● **PROMPT**
From the entries, copy every line that carries the string "parte".

● **SOURCE INFORMATION**
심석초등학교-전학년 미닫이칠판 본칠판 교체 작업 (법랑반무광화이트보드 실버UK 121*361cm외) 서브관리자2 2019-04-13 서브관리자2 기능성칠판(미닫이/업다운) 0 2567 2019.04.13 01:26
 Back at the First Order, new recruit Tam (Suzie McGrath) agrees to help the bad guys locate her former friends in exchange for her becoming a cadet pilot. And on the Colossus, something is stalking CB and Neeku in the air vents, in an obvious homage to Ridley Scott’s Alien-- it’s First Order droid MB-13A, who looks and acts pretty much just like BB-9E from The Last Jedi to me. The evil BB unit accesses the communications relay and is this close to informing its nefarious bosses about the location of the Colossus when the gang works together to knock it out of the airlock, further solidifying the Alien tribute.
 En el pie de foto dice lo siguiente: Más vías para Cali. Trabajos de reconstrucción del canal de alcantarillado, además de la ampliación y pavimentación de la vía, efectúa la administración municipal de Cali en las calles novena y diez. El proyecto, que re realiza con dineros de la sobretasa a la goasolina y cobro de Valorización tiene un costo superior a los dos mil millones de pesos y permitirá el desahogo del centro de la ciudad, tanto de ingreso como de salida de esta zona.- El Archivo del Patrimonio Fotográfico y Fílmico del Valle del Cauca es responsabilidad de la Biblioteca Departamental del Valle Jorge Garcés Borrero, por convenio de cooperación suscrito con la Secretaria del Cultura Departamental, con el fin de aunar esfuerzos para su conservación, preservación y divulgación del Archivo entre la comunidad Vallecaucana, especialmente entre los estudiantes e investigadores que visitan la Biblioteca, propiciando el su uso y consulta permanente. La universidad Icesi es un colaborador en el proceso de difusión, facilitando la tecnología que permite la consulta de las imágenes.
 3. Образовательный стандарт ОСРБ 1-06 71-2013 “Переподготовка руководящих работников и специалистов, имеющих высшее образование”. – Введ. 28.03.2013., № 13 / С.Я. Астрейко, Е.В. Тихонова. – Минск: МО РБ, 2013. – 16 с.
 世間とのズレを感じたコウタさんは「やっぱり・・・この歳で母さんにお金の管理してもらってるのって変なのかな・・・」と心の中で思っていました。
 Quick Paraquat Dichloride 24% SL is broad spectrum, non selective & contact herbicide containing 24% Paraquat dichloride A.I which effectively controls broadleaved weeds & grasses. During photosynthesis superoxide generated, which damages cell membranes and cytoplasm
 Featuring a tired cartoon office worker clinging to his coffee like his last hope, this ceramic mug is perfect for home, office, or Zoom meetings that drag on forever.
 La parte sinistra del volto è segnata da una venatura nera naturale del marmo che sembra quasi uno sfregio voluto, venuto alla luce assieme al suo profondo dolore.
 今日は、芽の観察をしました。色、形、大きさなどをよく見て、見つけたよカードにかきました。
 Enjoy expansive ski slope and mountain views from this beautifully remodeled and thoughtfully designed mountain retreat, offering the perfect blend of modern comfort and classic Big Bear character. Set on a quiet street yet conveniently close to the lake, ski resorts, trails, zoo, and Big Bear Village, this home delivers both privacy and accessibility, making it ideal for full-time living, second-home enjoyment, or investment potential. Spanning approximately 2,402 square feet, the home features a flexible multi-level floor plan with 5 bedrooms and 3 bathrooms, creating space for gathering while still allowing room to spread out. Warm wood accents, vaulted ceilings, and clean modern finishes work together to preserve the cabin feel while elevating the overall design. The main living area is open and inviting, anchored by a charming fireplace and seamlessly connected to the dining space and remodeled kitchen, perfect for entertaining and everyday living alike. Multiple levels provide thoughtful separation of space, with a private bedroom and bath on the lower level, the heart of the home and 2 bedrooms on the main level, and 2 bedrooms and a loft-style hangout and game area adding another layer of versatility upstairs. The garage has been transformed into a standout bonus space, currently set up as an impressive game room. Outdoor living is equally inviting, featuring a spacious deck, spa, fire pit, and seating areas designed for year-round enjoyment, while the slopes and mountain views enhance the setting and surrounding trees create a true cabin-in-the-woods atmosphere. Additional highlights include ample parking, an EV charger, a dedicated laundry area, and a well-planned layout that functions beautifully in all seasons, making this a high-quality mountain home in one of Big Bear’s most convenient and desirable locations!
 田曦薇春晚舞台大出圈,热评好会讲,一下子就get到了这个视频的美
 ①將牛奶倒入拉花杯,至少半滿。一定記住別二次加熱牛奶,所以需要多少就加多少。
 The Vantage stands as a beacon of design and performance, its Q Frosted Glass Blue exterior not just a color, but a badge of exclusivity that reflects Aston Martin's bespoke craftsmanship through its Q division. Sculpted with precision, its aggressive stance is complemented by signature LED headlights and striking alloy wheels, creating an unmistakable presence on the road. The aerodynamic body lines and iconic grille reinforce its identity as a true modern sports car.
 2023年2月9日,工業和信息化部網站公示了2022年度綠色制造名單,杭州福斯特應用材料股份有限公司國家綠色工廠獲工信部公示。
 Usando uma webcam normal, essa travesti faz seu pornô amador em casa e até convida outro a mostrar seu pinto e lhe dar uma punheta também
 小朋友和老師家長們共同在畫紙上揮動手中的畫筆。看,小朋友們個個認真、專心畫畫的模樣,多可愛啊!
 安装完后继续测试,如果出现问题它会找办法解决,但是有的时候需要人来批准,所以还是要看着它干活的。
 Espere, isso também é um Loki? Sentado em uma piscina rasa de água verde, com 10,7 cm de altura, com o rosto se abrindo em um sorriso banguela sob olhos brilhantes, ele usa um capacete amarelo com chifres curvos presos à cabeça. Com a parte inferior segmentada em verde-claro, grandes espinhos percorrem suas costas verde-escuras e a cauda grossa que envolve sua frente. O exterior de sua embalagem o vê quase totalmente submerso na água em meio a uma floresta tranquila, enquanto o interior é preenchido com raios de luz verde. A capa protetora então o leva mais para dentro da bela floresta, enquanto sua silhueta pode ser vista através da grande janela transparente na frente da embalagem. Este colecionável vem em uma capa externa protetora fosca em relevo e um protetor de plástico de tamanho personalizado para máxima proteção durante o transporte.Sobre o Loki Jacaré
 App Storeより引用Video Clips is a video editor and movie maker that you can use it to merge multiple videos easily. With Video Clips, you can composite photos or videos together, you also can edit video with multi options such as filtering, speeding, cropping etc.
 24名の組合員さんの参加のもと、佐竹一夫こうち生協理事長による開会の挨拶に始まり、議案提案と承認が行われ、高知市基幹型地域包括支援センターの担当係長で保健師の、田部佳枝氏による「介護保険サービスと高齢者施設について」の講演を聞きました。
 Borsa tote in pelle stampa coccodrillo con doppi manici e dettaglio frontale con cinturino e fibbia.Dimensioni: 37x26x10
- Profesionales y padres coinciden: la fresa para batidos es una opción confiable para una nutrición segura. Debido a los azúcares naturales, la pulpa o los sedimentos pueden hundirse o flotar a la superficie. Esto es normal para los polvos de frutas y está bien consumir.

● **EXPECTED ANSWER**
 La parte sinistra del volto è segnata da una venatura nera naturale del marmo che sembra quasi uno sfregio voluto, venuto alla luce assieme al suo profondo dolore.
 Espere, isso também é um Loki? Sentado em uma piscina rasa de água verde, com 10,7 cm de altura, com o rosto se abrindo em um sorriso banguela sob olhos brilhantes, ele usa um capacete amarelo com chifres curvos presos à cabeça. Com a parte inferior segmentada em verde-claro, grandes espinhos percorrem suas costas verde-escuras e a cauda grossa que envolve sua frente. O exterior de sua embalagem o vê quase totalmente submerso na água em meio a uma floresta tranquila, enquanto o interior é preenchido com raios de luz verde. A capa protetora então o leva mais para dentro da bela floresta, enquanto sua silhueta pode ser vista através da grande janela transparente na frente da embalagem. Este colecionável vem em uma capa externa protetora fosca em relevo e um protetor de plástico de tamanho personalizado para máxima proteção durante o transporte.Sobre o Loki Jacaré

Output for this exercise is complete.